Pero hoy no quiero hablar de cuanto falta o deja de faltar para el final de la crisis, quiero hablar de otra cosa. Y es que en España se ha instalado una lectura sañudamente partidista de las posiciones adoptadas por cualquier ciudadano. Es una de las consecuencias del excesivo peso de los partidos en nuestro sistema democrático y de la debilidad de las organizaciones y los movimientos cívicos, sociales, sindicales. Aún más, esa visión se ha convertido con el paso de los años, y el ascenso de la crispación y polarización, en estrictamente bipartidista: cualquier cosa que diga uno tiene que servir al PSOE o al PP.

Aquí sobra partidismo (esto es, politiquería y electoralismo) y falta auténtico debate político e ideológico. Resulta casi imposible que uno se defina como progresista sin que se le atribuya de inmediato una vinculación al PSOE. Aunque nunca haya sido militante de ese partido, aunque no siempre le haya votado, aunque discrepe de muchas de sus políticas pasadas o presentes, aunque tan sólo le guste un tercio de la composición del actual Gobierno, aunque piense –y diga en voz alta- que Zapatero no corresponde plenamente a sus expectativas… Y supongo que lo mismo pasará en el campo conservador.

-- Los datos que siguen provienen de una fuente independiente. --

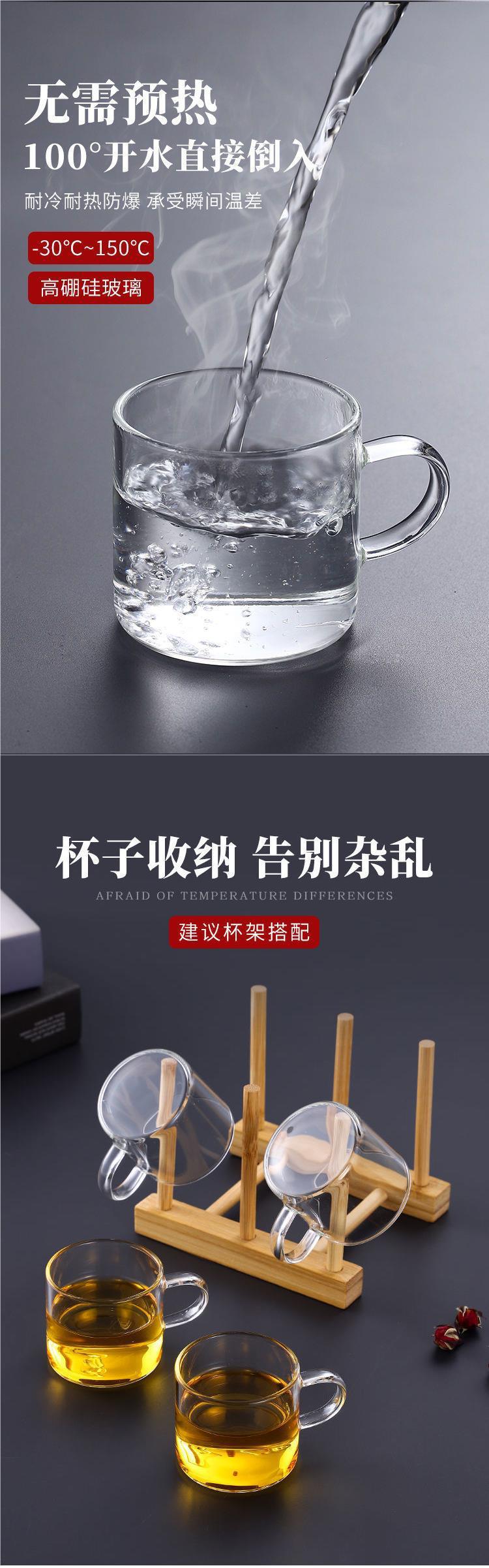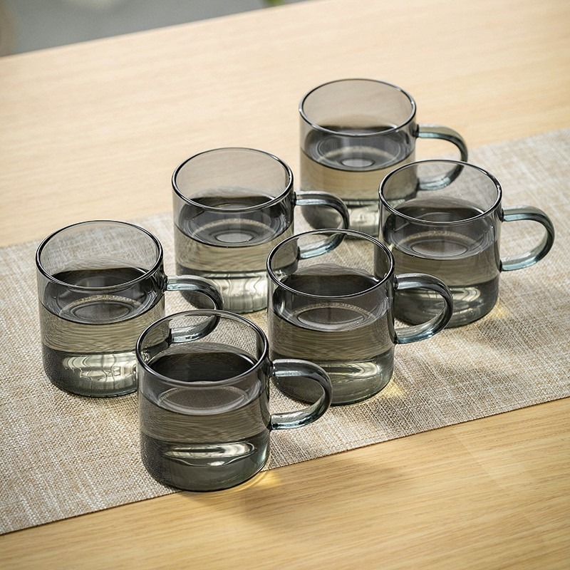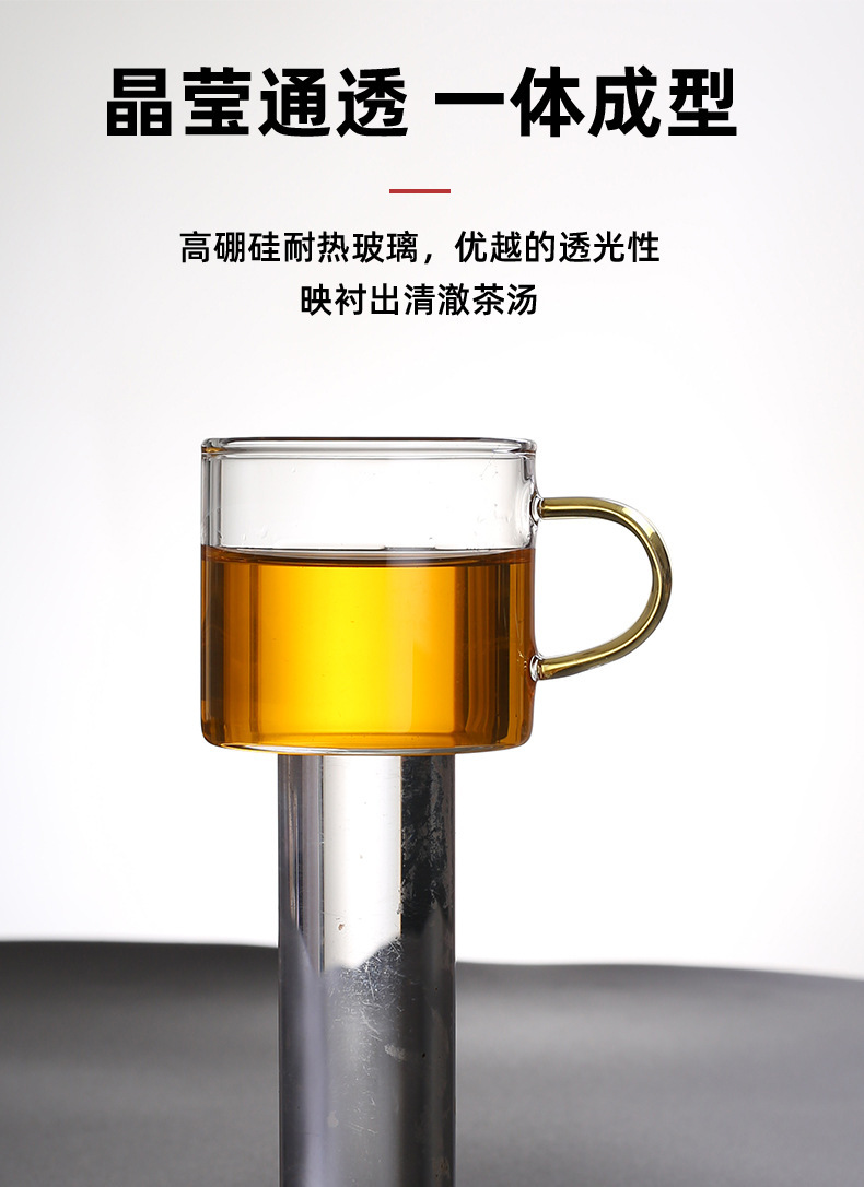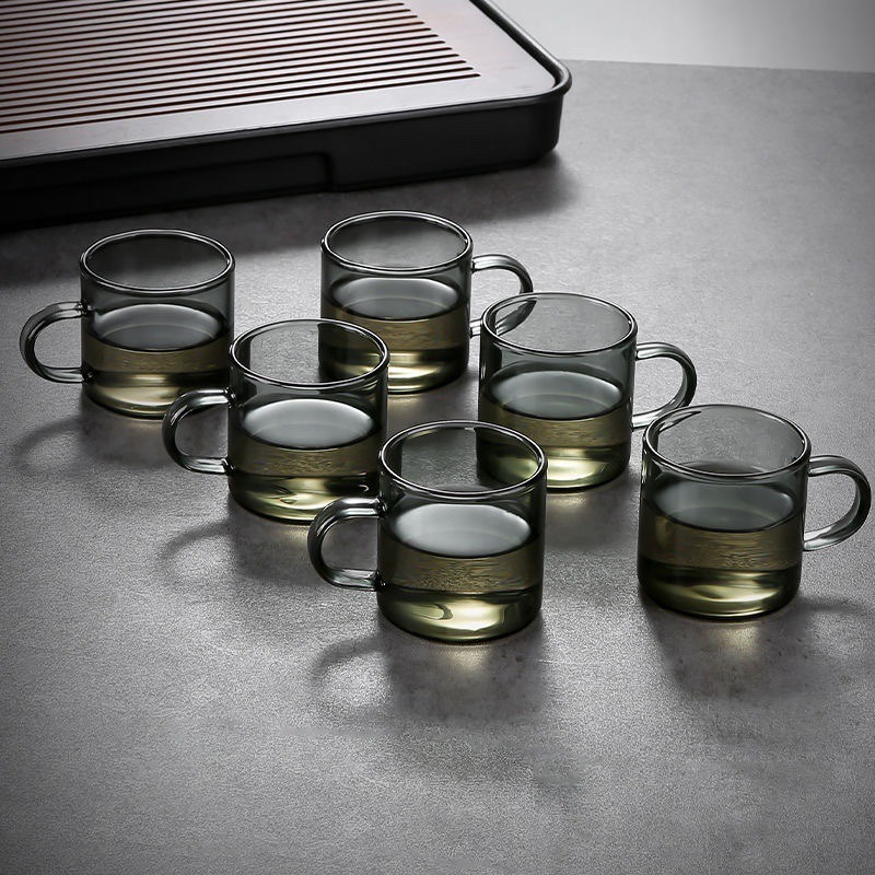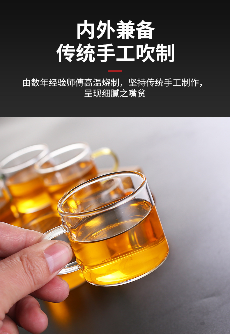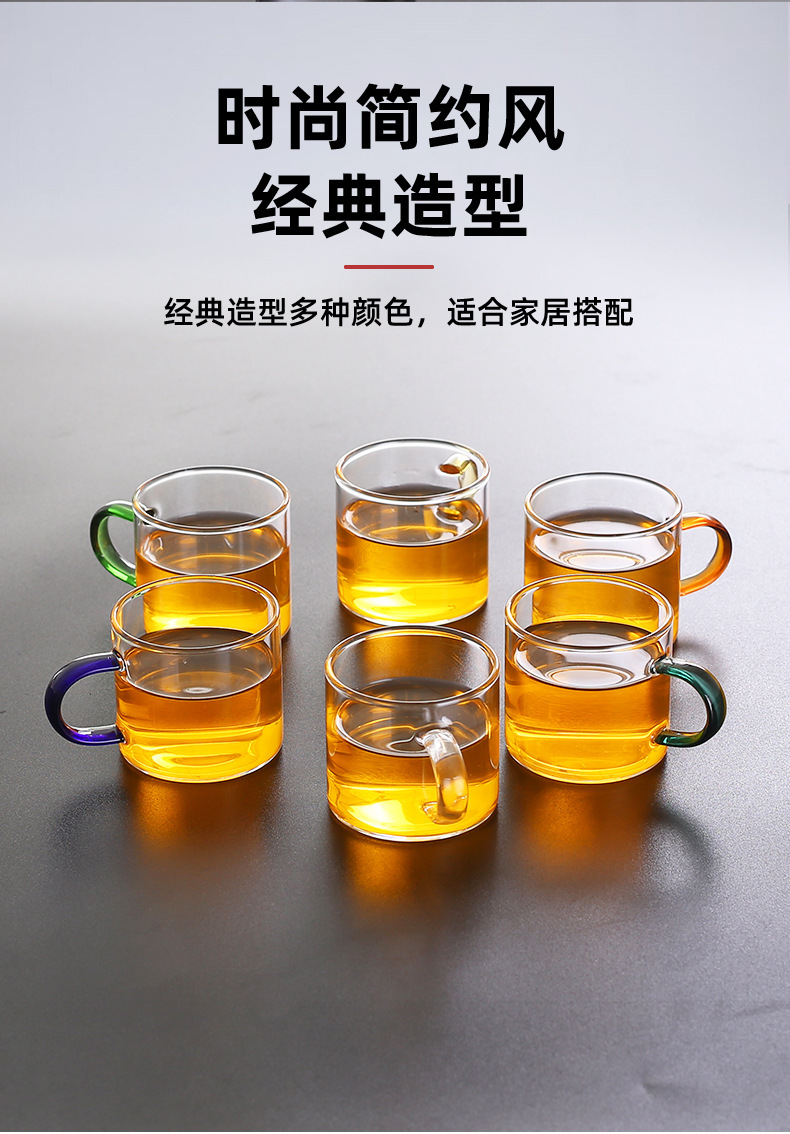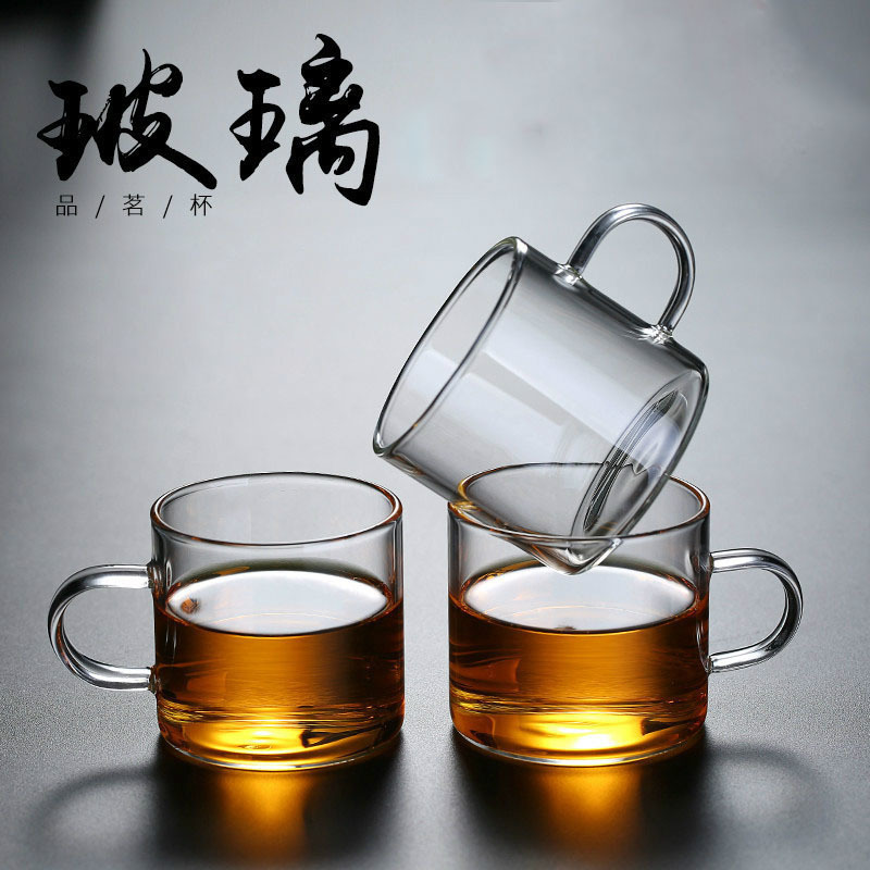 Thick heat-resistant small tea cup, transparent tea cup with handle, glass cup, household straight handle tea cup set

En mi caso, nunca he tenido el menor problema en proclamarme progresista (o, si lo prefieren, de izquierdas o rojo). Desde mi primera juventud antifranquista hasta hoy han pasado bastantes lustros y en ese período me he ido construyendo mi propio cocktail de ideas progresistas: unas libertarias, otras socialdemócratas, algunas europeístas e internacionalistas, republicanas las de más allá, no pocas ecologistas… Francamente, no pretendo que nadie comparta al 100% un cocktail tan absolutamente personal… y tan alejado de la ortodoxia de este o aquel partido.


Pero en la España actual cuando uno, a partir de su propio juicio y en ejercicio de su libertad de expresión, dice tal o cual cosa sobre política o economía no tarda en ser señalado por un dedo inquisidor: «Ah, claro, es que éste es del PSOE… o del PP». Semejante actitud me parece un síntoma manifiesto de pobreza intelectual. Porque no se discute –y eventualmente se rebate- la idea; se la estigmatiza al acusarla, sentenciarla y condenarla de golpe como partidista.

Encasillar sumariamente al otro consume, sin duda, menos materia gris que escuchar lo que tiene que decir y comentarlo, corregirlo, ampliarlo, mejorarlo o, si es menester, refutarlo argumentadamente. En fin, debe ser aquello de que cree el ladrón que todos son de su condición.